It is easy to be confused by the variable terminology used for tachycardias arising above the ventricles: the term Supraventricular Tachycardias (SVT) could be applied to all such arrhythmias, including atrial fibrillation and flutter. It is often used as an overall label for patients with narrow complex tachycardias who have not yet been fully assessed. In common parlance in the UK though, the term includes all Atrial and Junctional Tachycardias but excludes Atrial Fibrillation.

Atrial Flutter is a specific type of re-entry tachycardia closely linked to Atrial Fibrillation but will be covered here with other re-entry tachycardias.

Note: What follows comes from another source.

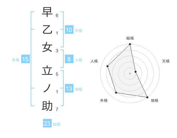 早乙女 立ノ助さんを姓名の画数から五運を鑑定
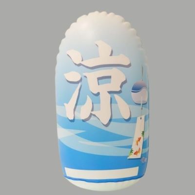 【入数】1個【サイズ】大・小の2種からお選びいただけます。膨らまし前:(大)約150×300㎜ (小)約120×235㎜膨らまし後:(大)約155×305㎜ (小)約125×240㎜※左の写真は(大)です。 【材質】軟質塩ビ 【絵柄】涼 【その他】●底面に砂鉄です。 ●両面同柄インクジェット印刷です。 ●膨らまし用のポンプは別売りです。 ●別途名入れすることも可能です。 ※名入れするの場合のご注意 名入れスペースに文字(1色)が入れられます。 入れる文字とフォントと色をご指定下さい。 また、データご支給でロゴを入れることも可能です。その場合、データはaiデータ・解像度150dpi以上に限ります。

A narrow complex tachycardia is always supraventricular, as a normal QRS width reflects that conduction has passed down the Bundle of His in the normal antegrade manner. Sometimes SVT can present as a broad complex tachycardia, either due to an accessory pathway (ventricular depolarisation is triggered by antegrade conduction via the accessory pathway), or in the presence of a pre-existing bundle branch block.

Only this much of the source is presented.